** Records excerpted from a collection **
-----

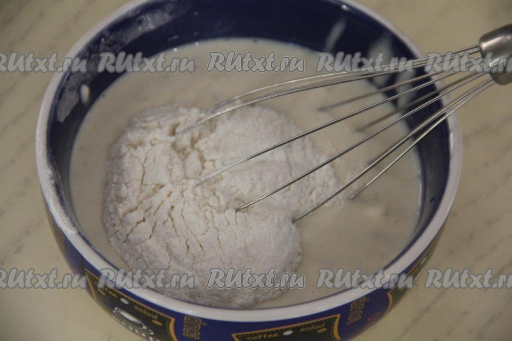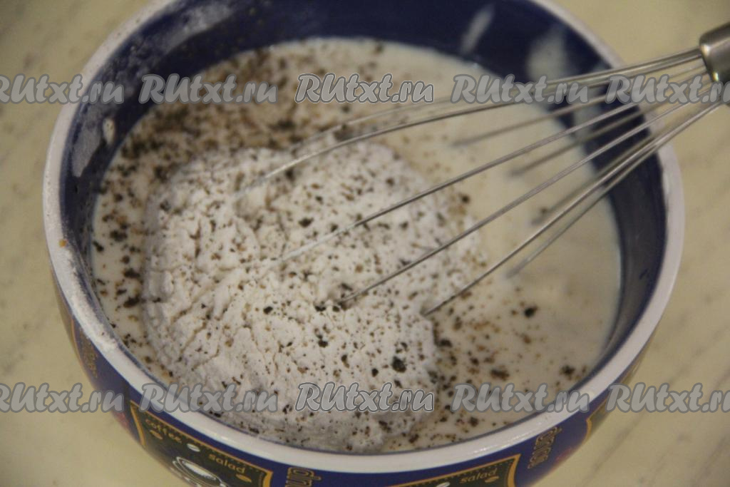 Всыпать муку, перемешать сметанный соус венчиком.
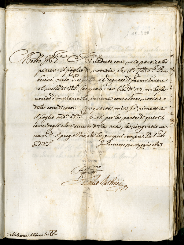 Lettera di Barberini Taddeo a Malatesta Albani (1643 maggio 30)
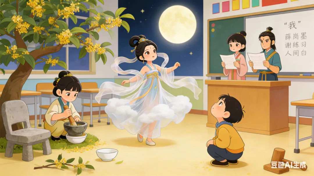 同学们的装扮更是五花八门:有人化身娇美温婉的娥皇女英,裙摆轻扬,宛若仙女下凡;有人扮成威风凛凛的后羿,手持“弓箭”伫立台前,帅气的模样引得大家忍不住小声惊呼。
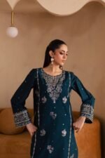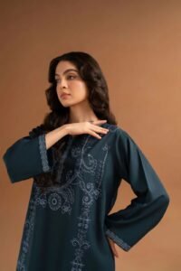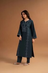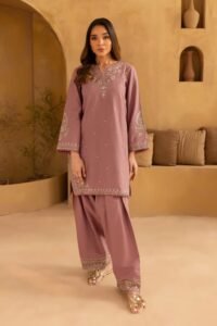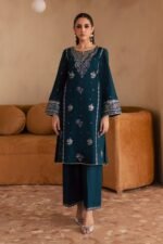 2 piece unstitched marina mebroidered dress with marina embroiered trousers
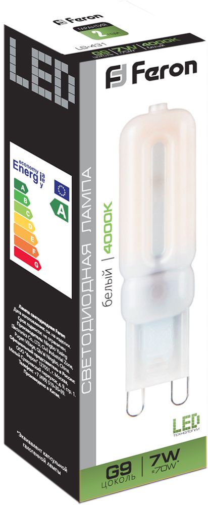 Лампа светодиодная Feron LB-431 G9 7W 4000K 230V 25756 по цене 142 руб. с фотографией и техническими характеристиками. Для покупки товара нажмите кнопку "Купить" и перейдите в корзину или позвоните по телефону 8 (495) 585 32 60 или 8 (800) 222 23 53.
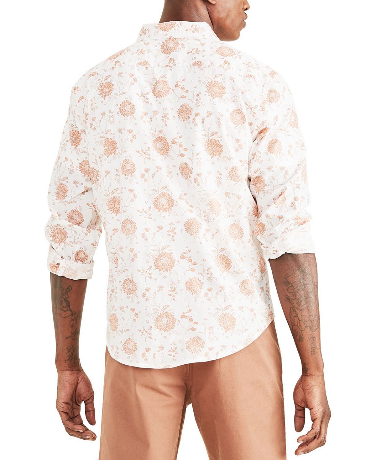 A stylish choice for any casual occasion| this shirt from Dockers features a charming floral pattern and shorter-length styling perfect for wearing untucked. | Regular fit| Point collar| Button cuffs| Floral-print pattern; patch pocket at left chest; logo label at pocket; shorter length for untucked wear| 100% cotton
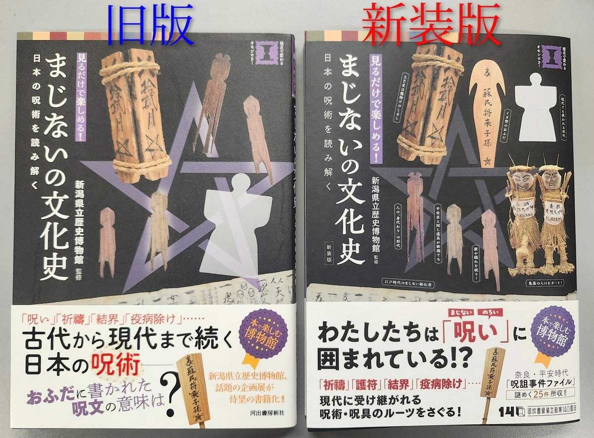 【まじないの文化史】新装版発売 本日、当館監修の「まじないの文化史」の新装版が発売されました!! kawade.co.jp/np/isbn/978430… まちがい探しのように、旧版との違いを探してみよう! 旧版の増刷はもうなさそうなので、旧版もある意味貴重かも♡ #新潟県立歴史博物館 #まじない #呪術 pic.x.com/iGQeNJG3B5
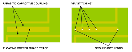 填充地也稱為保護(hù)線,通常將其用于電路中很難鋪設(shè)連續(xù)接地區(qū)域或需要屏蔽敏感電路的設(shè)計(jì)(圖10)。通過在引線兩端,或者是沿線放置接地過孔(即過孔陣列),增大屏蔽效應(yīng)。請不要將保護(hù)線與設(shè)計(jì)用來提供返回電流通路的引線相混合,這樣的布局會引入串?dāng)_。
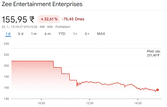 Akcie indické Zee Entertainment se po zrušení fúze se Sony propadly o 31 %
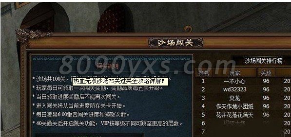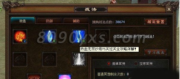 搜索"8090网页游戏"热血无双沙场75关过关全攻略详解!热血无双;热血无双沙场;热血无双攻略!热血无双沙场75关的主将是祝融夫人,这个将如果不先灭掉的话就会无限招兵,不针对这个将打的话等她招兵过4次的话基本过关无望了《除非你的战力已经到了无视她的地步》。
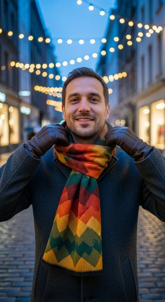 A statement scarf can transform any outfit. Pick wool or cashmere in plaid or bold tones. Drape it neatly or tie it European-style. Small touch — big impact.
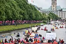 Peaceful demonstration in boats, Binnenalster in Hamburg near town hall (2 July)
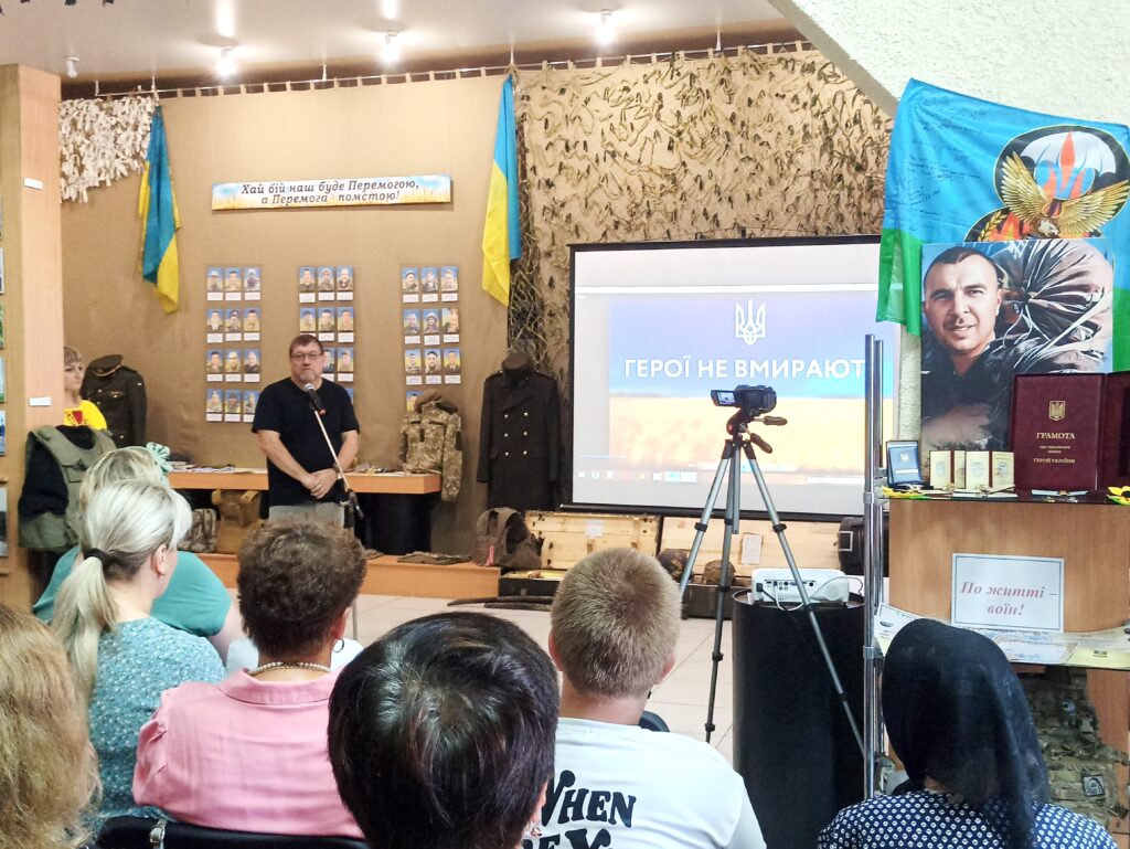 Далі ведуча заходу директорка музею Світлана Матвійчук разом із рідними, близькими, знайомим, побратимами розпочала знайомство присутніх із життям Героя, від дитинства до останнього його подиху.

-----

** How to complete this task **
Above are some records; extract exactly the lines from the one containing "#まじない #呪術 pic.x.com/iGQeNJG3B5" through the one containing "填充地也稱為保護(hù)線,通常將其用于" and drop the pictures.

** Result of the exercise **
 【まじないの文化史】新装版発売 本日、当館監修の「まじないの文化史」の新装版が発売されました!! kawade.co.jp/np/isbn/978430… まちがい探しのように、旧版との違いを探してみよう! 旧版の増刷はもうなさそうなので、旧版もある意味貴重かも♡ #新潟県立歴史博物館 #まじない #呪術 pic.x.com/iGQeNJG3B5
 填充地也稱為保護(hù)線,通常將其用于電路中很難鋪設(shè)連續(xù)接地區(qū)域或需要屏蔽敏感電路的設(shè)計(jì)(圖10)。通過在引線兩端,或者是沿線放置接地過孔(即過孔陣列),增大屏蔽效應(yīng)。請不要將保護(hù)線與設(shè)計(jì)用來提供返回電流通路的引線相混合,這樣的布局會引入串?dāng)_。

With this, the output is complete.